One trip to the pediatrician’s office spawned a web of lies. In the waiting room, I told another mom how wonderful and easy breastfeeding was. And I quote: “It was bliss from the beginning.” Gag. Why did I even say that? Truth be told, it sucked—literally and figuratively. Then I crossed my fingers behind my back and told my son it was just a quickie checkup (whoops, shot day!). To create the ultimate untruth grandslam, I flat-out lied to the doctor about my daughter’s early dental care—“Why, yes, I do brush that one tiny little baby tooth every morning and night.” I’m not alone here. As moms, we sternly wag our fingers at kid-generated dishonesty but have somehow carved a little clause in the rule book for mommy lies. Hypocrisy? Sure, but there are a number of good reasons we do it.

1. For starters, the magic of childhood would be eliminated without lying. There would be no Santa Claus, Tooth Fairy, or Easter Bunny.
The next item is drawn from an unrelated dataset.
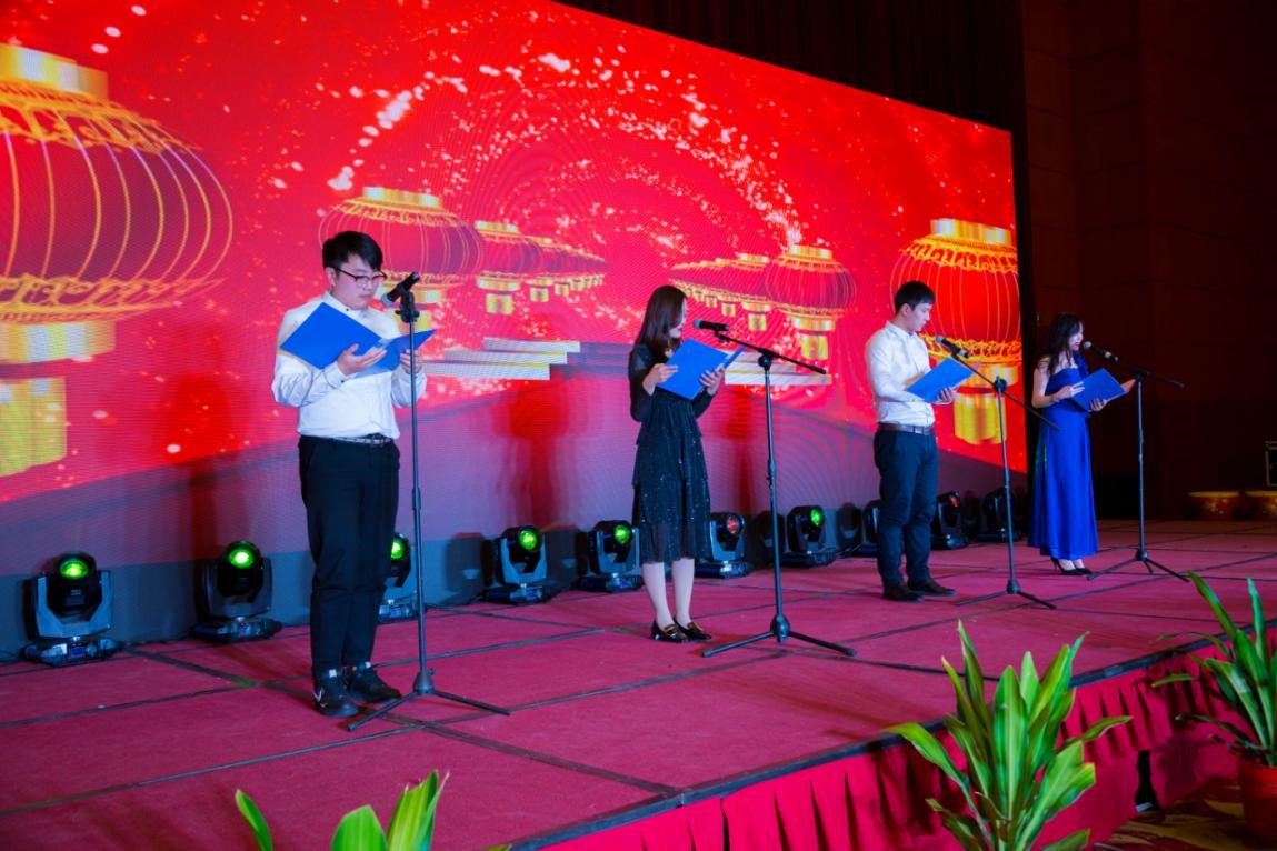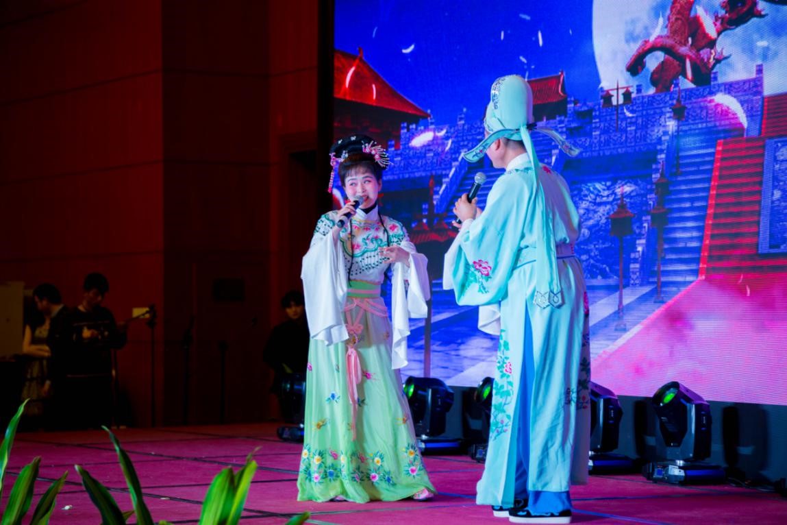 颁奖后,进行了文艺表演。年会节目形式多样,精彩纷呈。合肥部表演的诗朗诵《金泉赞歌》、茶艺表演《莲语禅心》、情景剧《天鹅湖畔》,利辛部表演的二胡独奏《铁血丹心》,六安部表演的独唱《感谢》,临泉部表演的舞蹈《青春style》、大合唱《团结就是力量》等节目引发阵阵掌声,把年会气氛推向高潮。

2. Lying helps you sidestep a hissy fit. It was easier for me to tell my little ones the park was closing (at 2 p.m.!) than to deal with the complaints or tantrums when it was time to go. Sure, you can call this lazy parenting, but motherhood hits you with so much so fast, sometimes self-preservation trumps integrity.

3. Often, kids aren’t ready for the cold, hard truth. That’s why we say “No, honey, there’s no such thing as the bogeyman,” although we know from watching the news that, sadly, there really is. There are monsters in the world; they just don’t live under our kids’ beds.

Beyond time-savers and innocence preservers, there’s a power that comes along with parenthood that, at first, makes you feel as if you’re above the law. But as the kids get older, you have to come clean and set a good example. I see now that I use a crafty white lie as a pedestal, shield, or crutch too often. I’ve vowed to tell the truth faster. Sure, my parenting skills aren’t perfect, but I’ve realized I don’t have to prove myself to anyone. I know I’m a great mom, flaws and all.

Janene Mascarella is polishing off a box of Teddy Grahams and promising not to tell her husband that the kids did it.